Au moment où les nouveaux conseils municipaux prennent leurs marques, la direction des affaires juridiques (plus précisément la direction des achats de l’Etat et l’Agence française anticorruption) met à la disposition des acheteurs un guide pouvant être appréhendé comme « un outil essentiel à la professionnalisation et à la performance de l’achat public ».[1]

  • Sur la forme : un effort de dynamisme et de lisibilité

Sommaire dynamique, présentation synthétique des atteintes, tableaux reprenant les acteurs de l’achat sous le prisme de la prévention de la corruption, ou encore fiches récapitulatives, les rédacteurs ont fait un réel effort de présentation.

  • Sur le fond : un programme ambitieux

Les partenaires des deux directions ont pris le parti de rassembler tous les éléments de rappels factuels et juridiques en introduction : obligations législatives[2] s’imposant aux fonctionnaires, chiffres relatifs à la corruption, définition des infractions pénales. Si ce choix pourrait apeurer certains lecteurs, il a le mérite de matérialiser la réalité de la problématique. Il permet aussi d’évacuer ce cadre législatif et réglementaire lourd pour laisser place à un mode d’emploi de lutte contre la corruption.

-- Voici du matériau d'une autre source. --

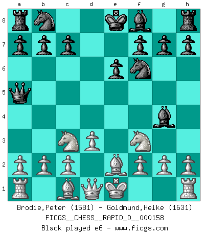 Last move : 0-1 2025 September 6 20:10:10 [Event "FICGS__CHESS__RAPID_D__000158"] [Site "FICGS"] [Date "2025.06.16"] [Round "1"] [White "Brodie,Peter"] [Black "Goldmund,Heike"] [Result "0-1"] [WhiteElo "1581"] [BlackElo "1631"] 1.e4 d5 2.exd5 Qxd5 3.Nc3 Qa5 4.Nf3 Nf6 5.d3 Bg4 6.Be2 e6 7.O-O c6 8.Bd2 Qc7 9.h3 Bf5 10.g4 Bg6 11.Qc1 Bd6 12.Kg2 Nbd7 13.g5 Nh5 14.Qd1 Nf4+ 15.Bxf4 Bxf4 16.Ne4 O-O 17.Rh1 Rad8 18.b4 Nb6 19.c4 Bxe4 20.Qb3 Bxf3+ 21.Bxf3 Bxg5 22.c5 Nd5 23.Bxd5 Rxd5 24.Rad1 Qf4 25.Rhe1 Bh4 26.Re2 Rg5+ 27.Kh1 Qf3+ 0-1 Follow this game move after move (download)I like to say that Bobby Fischer was the greatest player ever. But what made Fischer a genius was his ability to blend an American freshness and pragmatism with Russian ideas about strategy. (Bruce Pandolfini) Gott hat gewollt, dass ich Champion werde. (Surab Azmajparaschvili) Aquellos que dicen entender al Ajedrez, no entienden nada. (Robert Hubner) Il s'avisa de me proposer d'apprendre les échecs qu'il jouait un peu... me voilà forcené des échecs. J'achète un échiquier, je m'enferme dans ma chambre, j'y passe des jours et des nuits à vouloir apprendre par cur toutes les parties. (Jean-Jacques Rousseau, Confessions) Happy endings are just stories that haven't finished yet. (Jane Smith in Mr & Mrs Smith)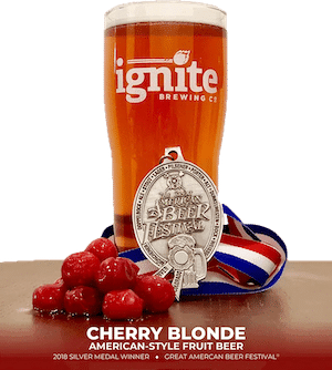 Ignite Brewing Company received a silver medal at the 2018 Great American Beer Festival® (GABF) in the American-Style Fruit Beer category for our very own Cherry Blonde. This award-winner is made with Michigan tart cherries and our Matchstick Blonde beer. Presented by the Brewers Association, GABF is the largest commercial beer competition in the world and recognizes the most outstanding beers produced in the United States.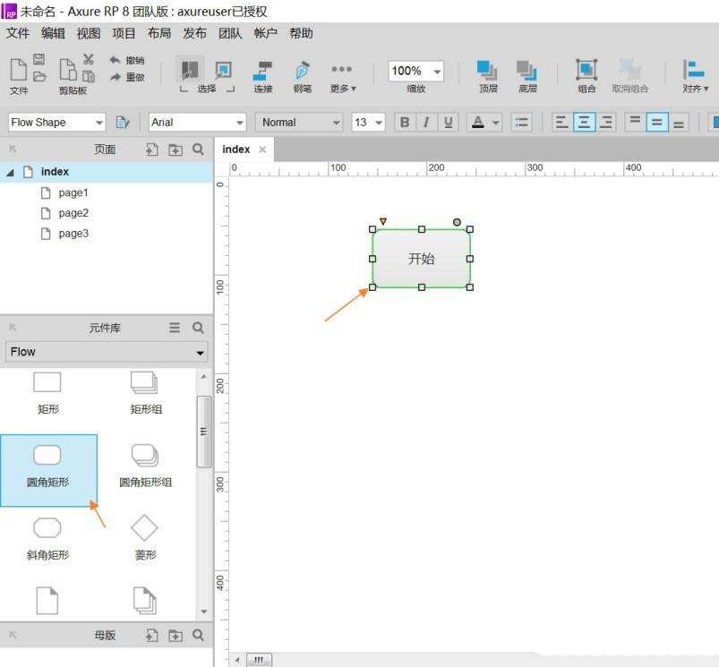 2、圆角矩形代表开始流程,从元件库中拖入一个圆角矩形,双击编辑文字。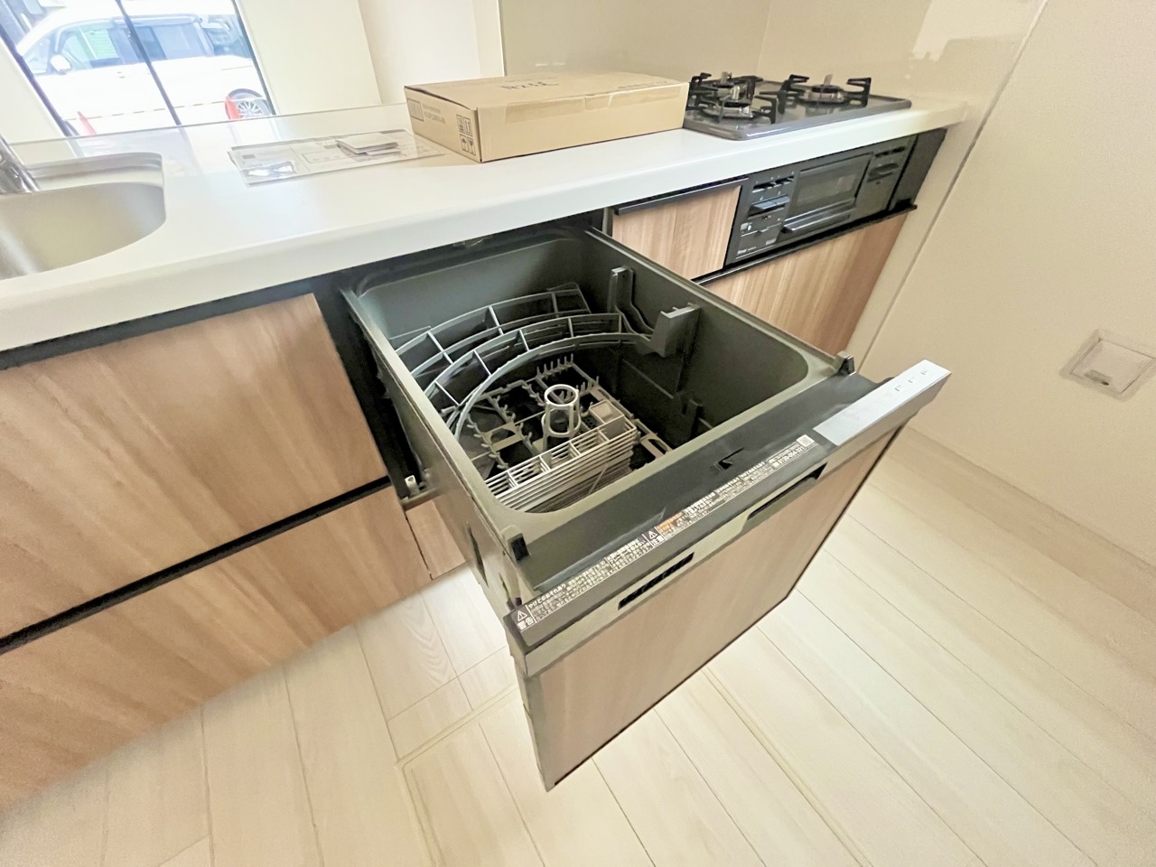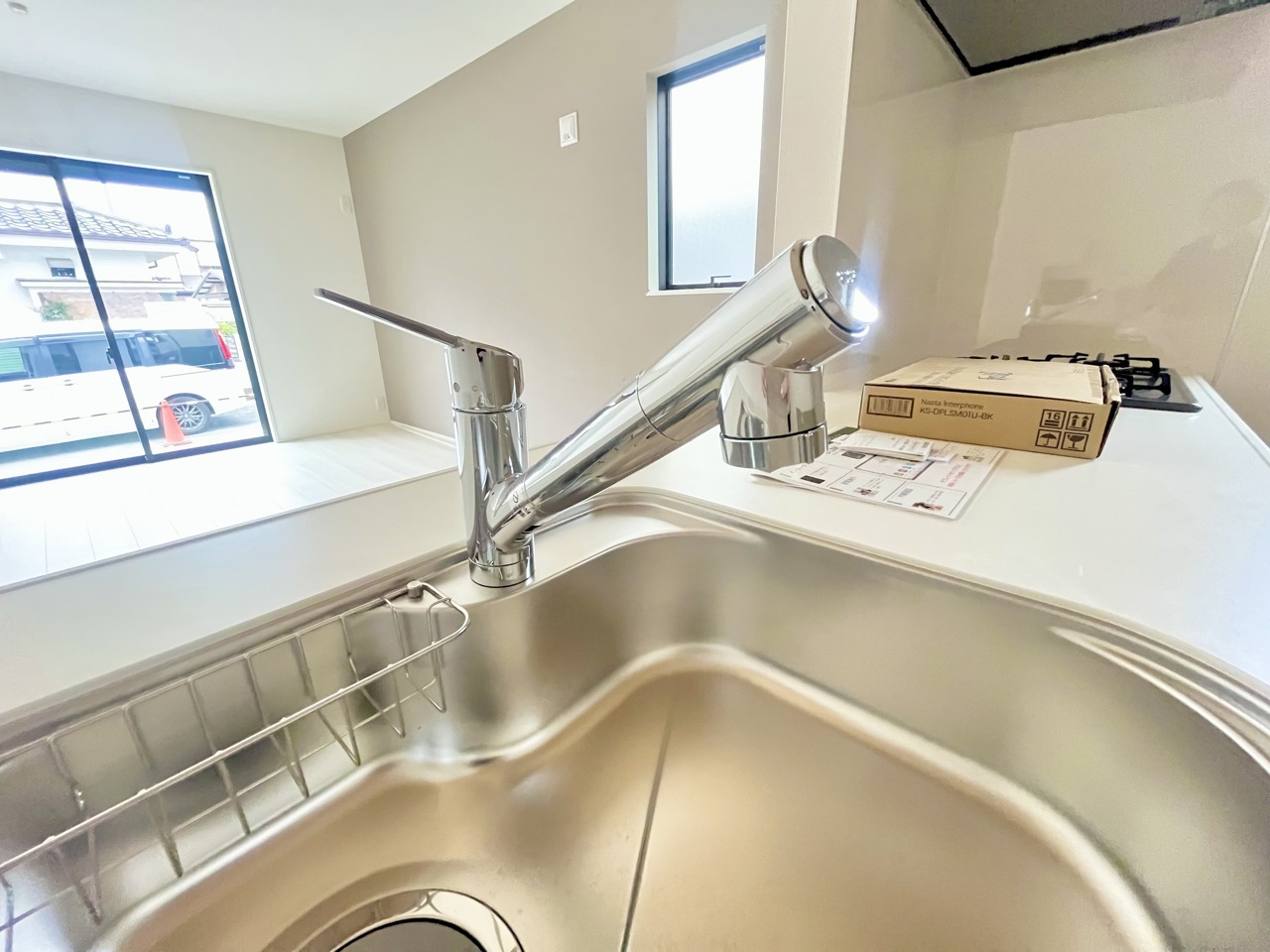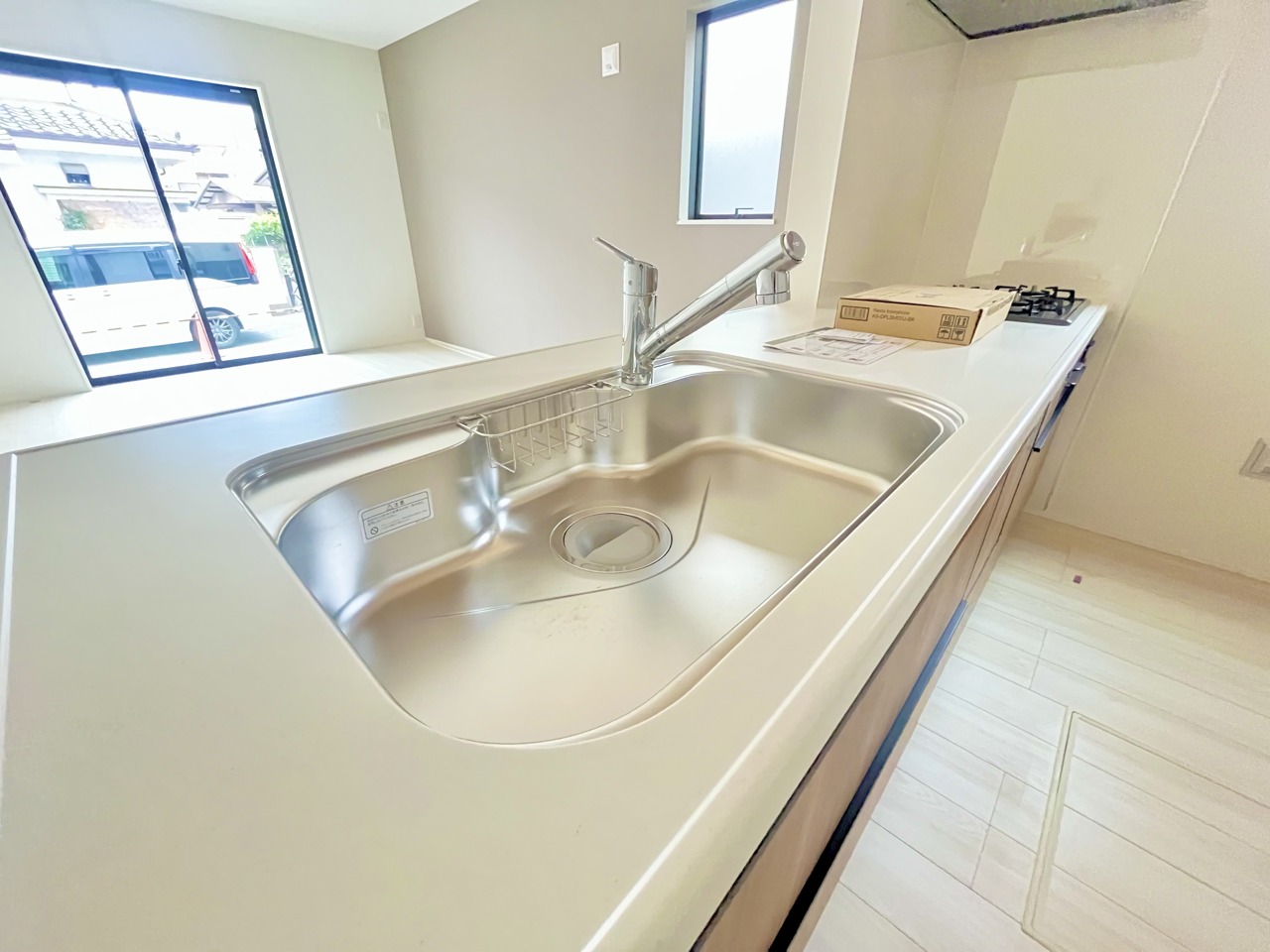 リビングにいる家族の顔が見渡せるカウンターキッチン。お料理もより一層おいしく、楽しく。食器棚を背面に設置しても十分な広さを確保しています。

Celui-ci est organiser en cinq chapitres. 

  • Chapitre 1 : Un préalable : bien organiser les achats
  • Chapitre 2 : Les fondements d’une démarche anticorruption
  • Chapitre 3 : Prévenir
  • Chapitre 4 : Détecter
  • Chapitre 5 : Déployer un programme anticorruption

Ambitieux et précis, le guide livre diverses formes d’exemples et « connecte » les diverses actions de la commande publique avec les mécanismes de prévention de la corruption. En ce sens, dans le chapitre « Prévenir », la DAJ révèle l’importance de renforcer la collégialité du sourcing notamment à travers la mise en place de binôme acheteur / prescripteur. L’adaptation des modalités de passation des commandes et de vérification du service fait (par des audits) au stade de l’exécution du marché pour les tiers jugés à risque constitue une autre illustration concrète des conséquences à tirer de l’évaluation.

A la lecture des méthodes de détection[3] ainsi que les recommandations pour mener à bien le programme[4] anticorruption, la mise en application du guide peut sembler difficile au sein de son organisme sans ressources supplémentaires.

Sans jamais le formaliser, les rédacteurs dessinent les contours d’une véritable fonction au sein d’une direction des achats déjà impactée par de nombreux changements. Néanmoins, les acheteurs peuvent déjà piocher dans cette boîte à outils certains éléments afin de rendre leurs achats plus efficients.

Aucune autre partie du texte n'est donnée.